星名理論と岡理論 21 ラグビーは自由と変化が基本 5

ラグビーのDNA(遺伝子)についてラグビーは流動的.

 ラグビー選手相互が影響し合い、依存し合いながら一つのチームとして生き物の様に変化して行く物です。大学ラグビーは1年毎チームを作る事になりますが、そのチームの体質の様なプレイスタイル(DNAの様な物)は1年で出来る物ではありません。

 インサイドセンター(1CTB)が突破する場合、走るコース、パスを受けるタイミング等一つの形を持っていると、アウトサイドセンター(2CTB)はインサイドセンターが突破しに入った場合、事前にそれを予測する事が可能です。

 例えば、私の場合、下の図の様に、ディフェンスの対面の正面か内側に立った場合、ほとんどの場合、外へ抜きます。
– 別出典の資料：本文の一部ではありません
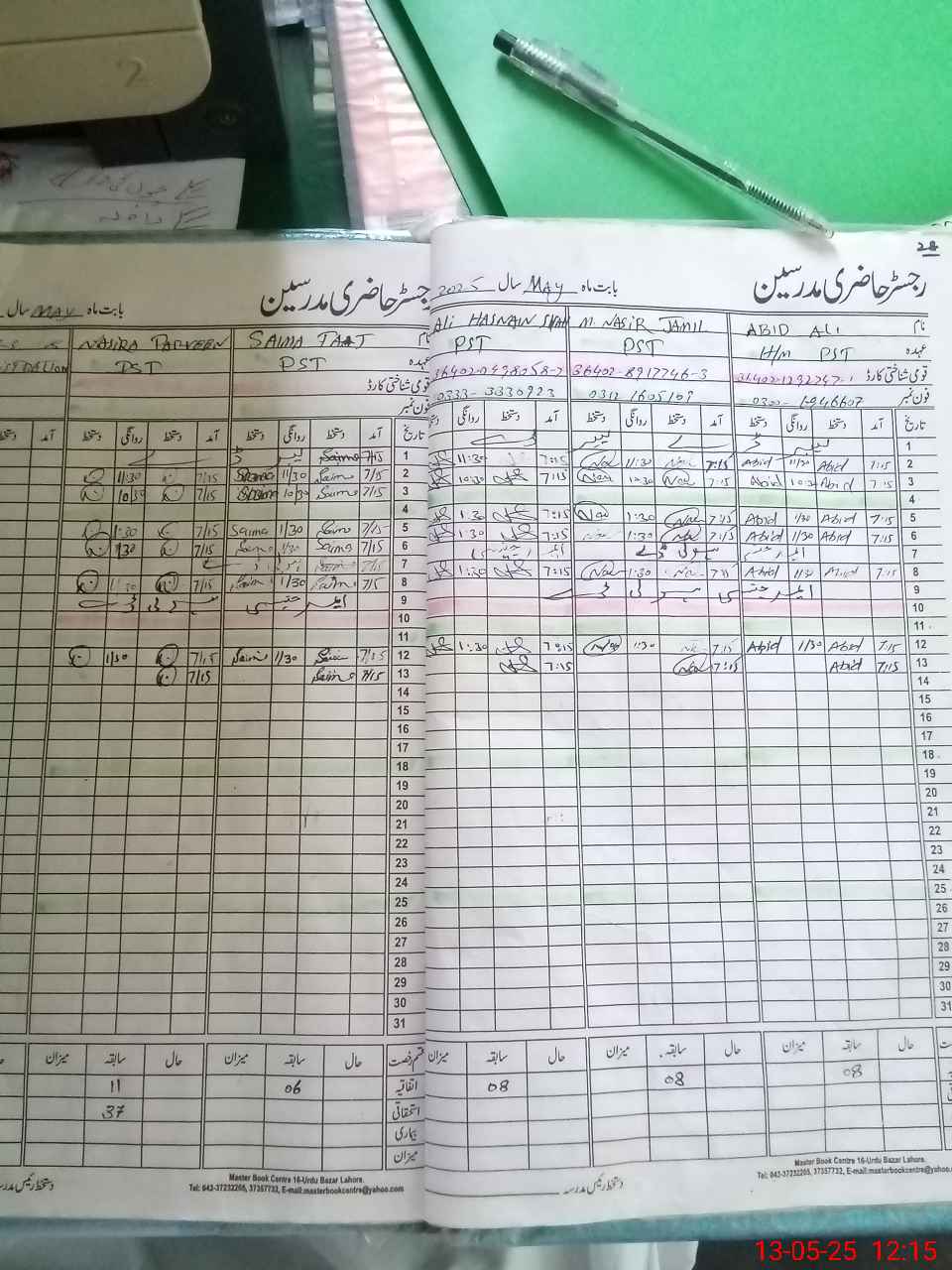 | CNIC | Full Name | Designation | R/C | Absence During Last Calender Month |

また逆に対面の外側に立った場合は内側に突破しに入ります。もちろんとっさの判断でその逆の場合も時にはありますが。

 アウトサイドセンターは私の立ち位置で次のプレーを予測することができます。

星名理論 概念図5

 そうするとアウトサイドセンターはインサイドセンターが突破する事を予測し、早く顔を出す様にディフェンスラインの裏側に走り込みます。

 良いタイミングで顔を出すとインサイドセンターはカバーディフェンスにタックルされる前に外へパスをつなぐ事が出来、パスはうまくつながり、チャンスは大きく広がります。

 ところが突破する形を持っていなくて突破すると、アウトサイドセンターが顔を出すのが遅れ、抜いた選手はパスをする相手がいないので、パスをする事が出来ずにタックルされるまで走る事になります。

 アウトサイドセンターは顔を出す事が出来て、パスを受ける事が出来てから、その次のプレーに移る訳ですが、そこでパスを受けない限り、次のプレーを経験する事は無い訳です。 そのようなゲームを繰り返しシーズンが深くなって来たら、いつまでたってもその次のプレーの精度を上げる事が出来ません。

 同じ事はインサイドセンターについても言える事です。自分が突破したとき、アウトサイドセンターが顔を出すのが遅れたらパスをする事が出来ず、自分でそのまま走り続け、タックルされてしまい、何処で、どのようなパスをしたら良いのかタイミングがつかめず、分からないままになってしまいます。

 この様に、この二人の選手は相互に依存し、影響し合っているので、両方が同時に機能した時に初めて更に外側の選手や他の選手につなぐプレーを体験し、その精度を増して成長して行く物です。